Published: November 12, 2010 05:53 ET in Middle East
TEHRAN, Iran — Her hands tightly wrapped around a giant penis-shaped tombstone, Maryam giggles as her friend takes a picture. She repositions herself and, snap, another photo.
She’s one of the hundreds of tourists who come to visit Khalid Nabi cemetery, a place replete with contraditions. In this conservative Islamic country, it is a historic cemetery where male and female genitals are on display for the world to see.
And now, despite being hundreds of years old, it is becoming one of the country's hot new tourist destinations for young people. More than 600 head stones make up the bizarre cemetery, which is 40 miles northeast of Gonbad-e Kavous in northeastern Iran. Despite its long history, the site was only added to Iran’s national heritage list less than a decade ago. And even since then, few researchers have dared to study it.
Visitors from all over the country — and even the world — are now coming to this mountainous area of Turkmen Sahra, which is on the border with Turkmenistan, to see for themselves the collection of stone genitalia. They can book a tour through a local travel agency, and Kahlid Nabi is only a bus ride away.
Getting to the spectacle, however, isn’t particularly easy. The road is unpaved and there are hairpin turns, not recommended for the faint-hearted. But once there, the site doesn’t disappoint. In spring — the best time to visit — endless lush, green hillocks line the horizon.
Atop one of the surrounding peaks, a shrine towers majestically. It is thought to house the tomb of Khalid Nabi, a prophet born in Yemen 40 years prior to Prophet Muhammad, according to Alireza Hesar Nuee, one of the rare historians to have studied the site. According to Hesar Nuee, Khalid Nabi promoted Christianity in several countries in the region, including Iran.
Even though Khalid Nabi himself was Christian, years later, his daughter visited Prophet Muhammad and converted to Islam. That is when Nabi’s tomb was placed upon a high mountain and revered as a sacred pilgrimage destination.

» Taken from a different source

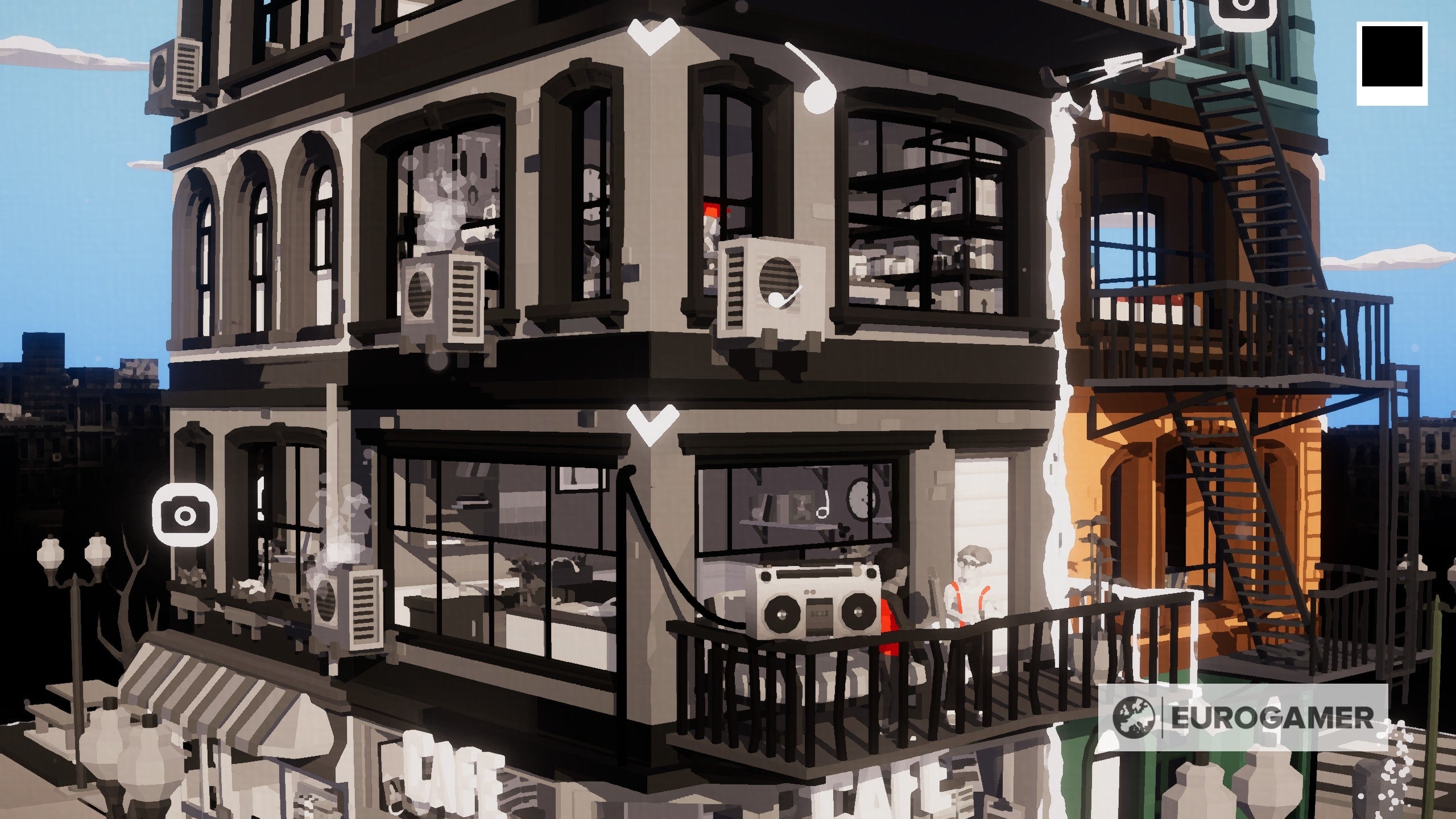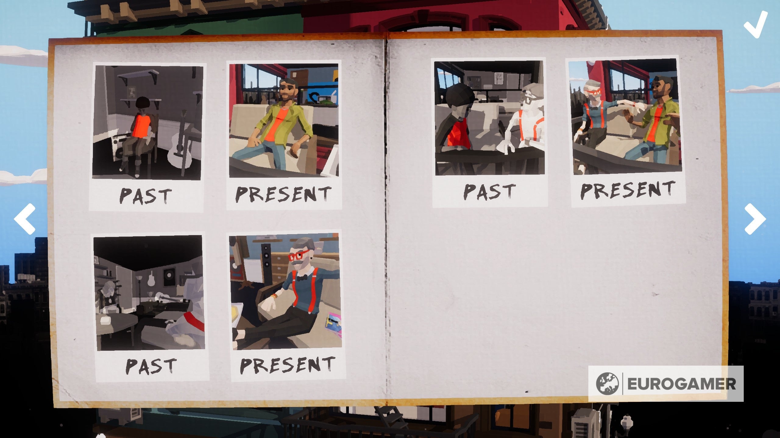 Stories are presented as photos in an album. You'll be given a picture of either someone's past or present, and your job is to fill the missing picture in. A man and woman are pictured at a dinner table in the past, for instance, what are they doing now? You find them in the building recreating the old photo, and then you spin their apartment block floor around into the present. Now, what do you see? If that alone satisfies the puzzle, the game will update with a new photo to pair to the existing one, past and present, and a part of their album page will be solved. But it won't always be that easy.

To this day Turkmen women tie ribbons to the branches of a tree near the shrine as a pledge for resolution for their troubles. Turkmens live in Iran’s northeast and speak a different dialect from Persian. They live a mostly nomadic life, making a living from training horses.

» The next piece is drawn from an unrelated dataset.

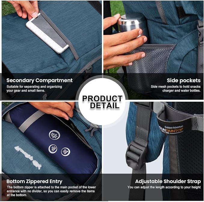 - Well-designed details: This outdoor backpack has many clever and convenient designs. The bottom compartment provides direct access to the main compartment; there is also a dedicated compartment for a water bladder (WATER BLADDER NOT INCLUDED), In addition, various shrink straps can also carry camping equipment such as trekking poles, sleeping bags and tents.
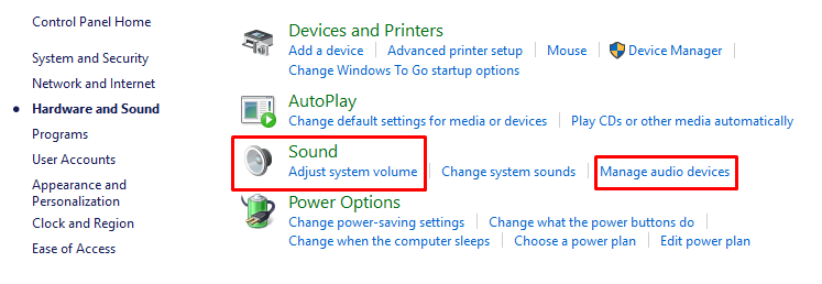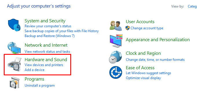 - Open the Control Panel and go to Hardware and Sound.

A few hundred meters from the shrine, in an uninhabited (and increasingly uninhibited) valley, is the mysterious cemetery. There are two types of tombstones scattered across the slope — long columns, some of them as high as two meters and topped with a hat that, clearly, represent penises and smaller headstones similar to a cross that some think represent female breasts.
Hesar Nuee said the tombstones are symbolic representations of male and female genitals. He said the symbolism could come from the phallic religion practiced in India and central Asia, but few know for sure the meaning behind the designs.
The chatter among tourists, often overexcited by the surprising sight, is the only thing that breaks through the otherwise perfect silence of the cemetery and the valley. The bashful are hesitant to take pictures standing next to the poles, but others see it as an opportunity to have a laugh.
On one recent afternoon, a debate broke out about why some of the penis tombstones are shorter than others. While some believe it could reflect the age of the deceased, one insists that it’s due to "shrinkage."
“Here, it feels like standing on the top of the world,” Mehdi, a tourist from the Iranian city of Isfahan, said on his visit to the shrine, adding that he didn’t know the cemetery existed until he heard a group of friends talking about it.
Khalid Nabi first gained notoriety in a scholarly article published by David Stronach in 1981. In it, Stronach introduces the site and mentions the lack of research on it.
But after that, Khalid Nabi was again quickly forgotten. Nowhere was it mentioned until nine years ago when interest in the site surged as tourism in Iran boomed. The increase in tourism was in part spurred by Iran’s younger generation, which saw short trips out of the city as way to meet and mingle with others, something that can often be difficult under the watchful eyes of Iran's morality police.
The more remote and obscure the place was, the better.
And as tourism began to increase, so did the cemetery’s oddball reputation. Professional photographers began taking pictures of Khalid Nabi, publishing them in various outlets. Some blogged about it and word began to spread.
On the bus ride to Khalid Nabi, many tourists complained about the censorship that has surrounded it over the years. “This is part of our culture and history,” one said, “why should it be ignored?”
While many cities in Iran are expanding rapidly and many Iranians are getting caught up in the urban hustle and bustle, Khalid Nabi remains detached and frozen in the past.
It remains for researchers to explore, but for now, to many average Iranians, it makes for a good laugh.